Mais la douleur et la souffrance , déjà difficiles à gérer seules, n'étaient pas seules. Des torrents d'émotions déconcertantes ont été ajoutés. Une profonde tristesse et un sentiment de solitude et le besoin d'être seul, ainsi que le besoin irrésistible de recevoir de l'affection et de l'amour.

Peur et anxiété au sujet de mon avenir, car dans de nombreux moments je ne me sentais pas assez fort pour surmonter l'enfer que je vivais; culpabilité et honte d'avoir laissé ma mère se suicider; perplexité et surprise parce que beaucoup de gens m'ont dit qu'ils m'aimaient. La colère envers ma mère pour toute la douleur qu'elle m'avait causée, la personne que j'aimais le plus était la cause de ma souffrance.

Ma vie était insupportable. Je me sentais démembré et sans la force de pouvoir me lever. Mais ma mère m'avait appris avec sa vie à endurer l'inconfort et la souffrance.

J'ai trouvé des petites choses qui ont peu à peu nourri mon existence, des moyens d'assister au torrent d'émotions, de traiter et de digérer la douleur qui m'inondait. De lui ont émergé des inquiétudes et des inclinations de mon enfance que j'avais oubliées. Je me suis immergé en eux pour les explorer, j'avais besoin de combler un immense vide. J'avais également besoin de laisser derrière moi des situations et des personnes avec lesquelles j'étais mal à l'aise.

Je ne me suis pas jugé, je ne me suis pas retenu, je n'ai répondu qu'à ce qui sortait de moi.

J'ai fait tout ce que je sentais devoir faire. C'était la nourriture de ma vie. Je ne me jugeais pas, je ne répondais qu'à ce qui était né de moi. Je ne me suis pas retenu, je me suis juste mis en action. De cette façon, et lentement, avec un soutien psychothérapeutique, je trouvais des moments de satisfaction et de bien-être et j'ai progressivement repris mon intérêt pour la vie.

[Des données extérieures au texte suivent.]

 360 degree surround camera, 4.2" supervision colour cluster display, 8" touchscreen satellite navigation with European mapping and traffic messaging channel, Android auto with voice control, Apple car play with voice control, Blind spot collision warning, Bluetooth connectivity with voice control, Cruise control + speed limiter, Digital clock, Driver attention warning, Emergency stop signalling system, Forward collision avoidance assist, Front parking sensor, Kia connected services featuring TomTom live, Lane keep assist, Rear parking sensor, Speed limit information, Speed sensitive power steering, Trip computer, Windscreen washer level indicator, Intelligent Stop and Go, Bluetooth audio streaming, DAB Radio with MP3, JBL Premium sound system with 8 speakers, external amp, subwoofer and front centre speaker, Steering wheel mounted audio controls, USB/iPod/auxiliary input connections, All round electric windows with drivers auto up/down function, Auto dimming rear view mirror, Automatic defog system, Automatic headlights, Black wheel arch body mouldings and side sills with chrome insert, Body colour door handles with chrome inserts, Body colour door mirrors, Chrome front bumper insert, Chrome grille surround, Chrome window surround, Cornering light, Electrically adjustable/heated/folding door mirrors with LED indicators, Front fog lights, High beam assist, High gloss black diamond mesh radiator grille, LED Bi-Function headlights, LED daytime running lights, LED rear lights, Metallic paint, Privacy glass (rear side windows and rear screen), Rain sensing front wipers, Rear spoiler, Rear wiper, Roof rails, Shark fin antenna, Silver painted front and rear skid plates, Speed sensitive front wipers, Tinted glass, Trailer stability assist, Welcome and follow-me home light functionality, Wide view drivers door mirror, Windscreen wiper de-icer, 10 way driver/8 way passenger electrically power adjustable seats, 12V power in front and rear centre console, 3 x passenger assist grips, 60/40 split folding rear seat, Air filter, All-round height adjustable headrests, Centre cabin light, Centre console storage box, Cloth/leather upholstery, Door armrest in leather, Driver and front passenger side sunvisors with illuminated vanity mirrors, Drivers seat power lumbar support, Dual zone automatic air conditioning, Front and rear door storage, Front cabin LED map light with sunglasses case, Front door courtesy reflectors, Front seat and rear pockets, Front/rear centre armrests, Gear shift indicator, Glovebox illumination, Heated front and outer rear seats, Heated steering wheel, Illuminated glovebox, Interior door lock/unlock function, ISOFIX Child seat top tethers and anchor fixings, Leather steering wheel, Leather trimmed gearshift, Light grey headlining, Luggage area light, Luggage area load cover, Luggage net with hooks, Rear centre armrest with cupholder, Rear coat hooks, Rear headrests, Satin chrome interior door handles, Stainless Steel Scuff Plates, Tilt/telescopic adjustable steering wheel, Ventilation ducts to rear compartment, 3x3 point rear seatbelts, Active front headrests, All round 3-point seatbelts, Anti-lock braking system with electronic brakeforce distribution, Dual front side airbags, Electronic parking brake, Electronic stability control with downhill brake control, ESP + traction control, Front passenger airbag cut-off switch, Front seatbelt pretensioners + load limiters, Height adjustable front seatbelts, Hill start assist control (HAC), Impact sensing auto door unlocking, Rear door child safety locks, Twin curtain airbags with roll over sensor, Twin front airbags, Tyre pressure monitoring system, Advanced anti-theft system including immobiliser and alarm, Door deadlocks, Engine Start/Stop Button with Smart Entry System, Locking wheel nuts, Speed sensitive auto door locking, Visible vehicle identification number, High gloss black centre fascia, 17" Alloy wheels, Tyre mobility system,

En regardant mon chemin, j'ai réalisé qu'il m'a rendu plus mature, plus sage et plus authentique. Je sais que j'ai fait ce que j'ai pu et que j'ai fait de mon mieux.

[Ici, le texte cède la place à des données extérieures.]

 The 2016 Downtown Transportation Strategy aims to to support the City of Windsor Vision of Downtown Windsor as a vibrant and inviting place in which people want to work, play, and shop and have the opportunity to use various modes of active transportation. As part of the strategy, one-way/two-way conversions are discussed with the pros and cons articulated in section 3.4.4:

M'ouvrir à vivre la douleur , ce sentiment inéluctable qui peut être enterré mais pas éliminé parce qu'il est le résultat de la rupture d'un lien, m'a transformé. À tel point que je ne suis plus la même qu'avant le suicide de ma mère.

J'ai pu lui pardonner tous les dégâts qu'elle a causés. Je comprends la souffrance existentielle qui a conduit à son suicide. Elle a vécu du mieux qu'elle pouvait, elle a fait ce qu'elle pouvait et je l'aime pour ça.